Но именно к его сердцу обращалась она, читая его будущие строки; впрочем, даже не обернувшись:

Задержавшись с тобой на земле,

Знаю я, что мы все еще люди!

Знаешь ты: никогда нам, обнявшись,

Не уплыть на груди корабля

В те моря, где нас больше не будет!

Она читала стихи, которые ему ещё только предстоит написать. Читая, она вошла в гостиную. Его сердце (его нога на земле) последовало за ней. Она всё ещё не оборачивалась и не видела, как от нее отдаляется его «нога неба»… Кар-р!

Она. Не увидела. Как медленно и мучительно происходит за ее спиной его разделение.

Почему на груди корабля?

Потому что горим впереди!

Что же это за мир, где мы люди?

Знаю, люди и есть те моря…

А потом начинается шторм!

Он напомнит еврейский погром,

Когда бесится море людья…

Тогда Илия Дон Кехана (оставшийся в прихожей — без своего земного сердца) присел неподалеку от брошенной калигулы на одно колено (внешне это выглядело не столь уж красиво, да все равно) и принялся разувать вторую ступню: согласитесь, было бы нелепо следовать за женщиной полуобутым. Даже если бы он сам (а не его сердце) собирался за ней последовать.

Сам он собирался от неё бежать. А вот его сердце (находясь в гостиной) сказало женщине:

— Я хочу уехать.
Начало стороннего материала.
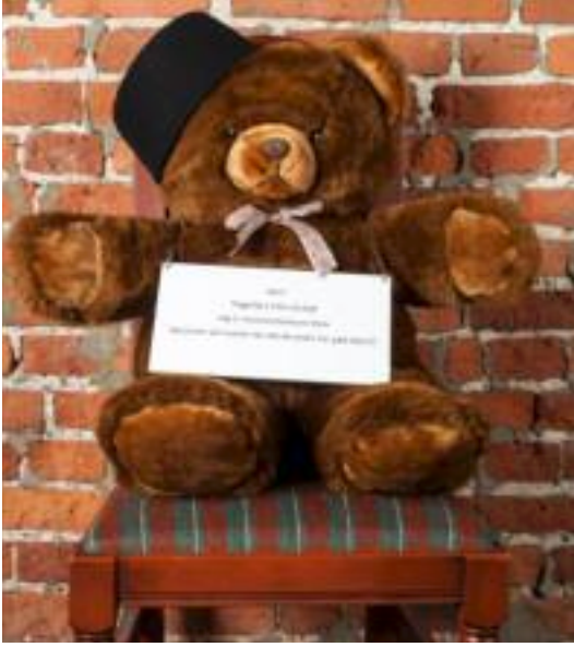
Barnas museum. Bamsen Stein
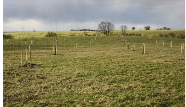
Abb. 2: Pflanzreihen Feb. 2016
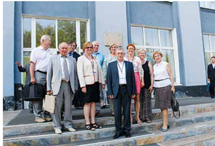
Заключительная сессия конференции «Синергия-2016», Иркутск, ИргТУ
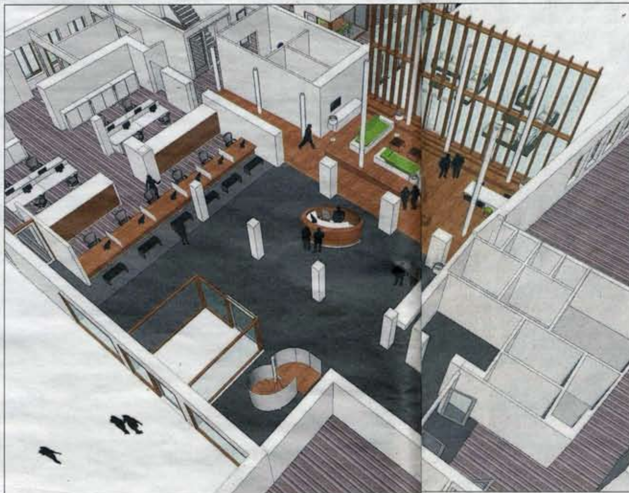
De ontvangthal, met linksonder de entree, links de balies en rechtsboven de zithoek.
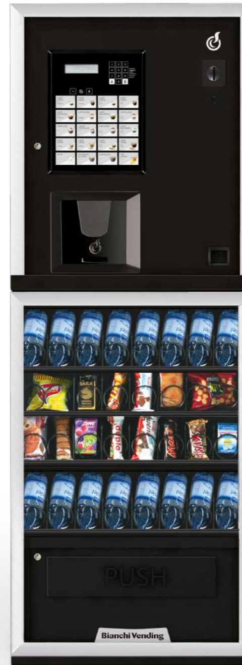
LEI300 SMART + ARIA S SLAVE
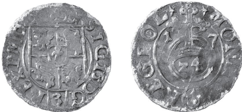
Obr. 1 Poľsko, Žigmund III. Vasa (1587 – 1632), Bydgoszcz, poltorák 1617 (Poklad č. 1)
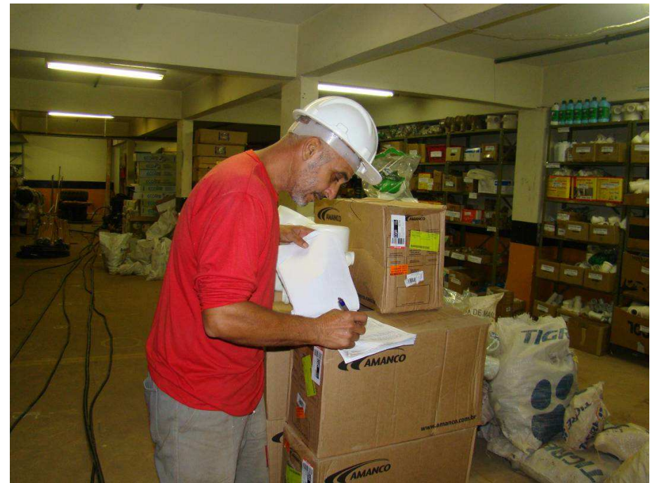
Apontador e Almoxarife da obra
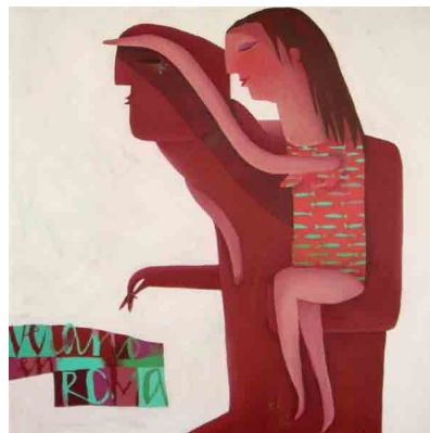
Verano en Roma (M. A.)
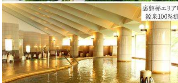
裏磐梯エリア唯一の自噴式 源泉100%掛け流し温泉
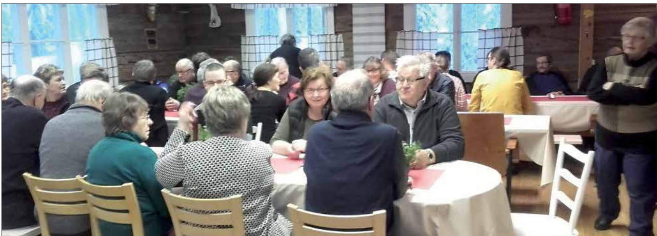
Pirtissä oli lähes sata vierasta.

Emännille - runsaat kiitokset - perinteinen maistuva käristysresepti oli saatu säilytettyä toiminnassa - vaikka tekijät olivat osittain uudistuneet. Näin hyvät perinteet säilyy ja siirtyy nuoremmille. JS/OK
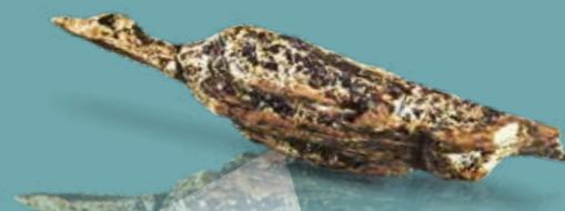
Wasservogel vom Hohle Fels

Мне должно уехать.

Причем — сердце понимало, что никуда от женщины не денется.

А вот «бессердечный» Илия Дон Кехана (из своей прихожей) прекрасно слышал происходящее. Поэтому — ему была прекрасно видна её снисходительная улыбка (причём — к его сердцу в её плаще она всё ещё не оборачивалась); улыбка — с которой она, отвечая сердцу в плаще, произнесла:

— В Москву, где люди стреляют друг в друга? Обязательно уедешь, как может быть злая Москва без тебя? Но только завтра, сегодня я не могу без тебя.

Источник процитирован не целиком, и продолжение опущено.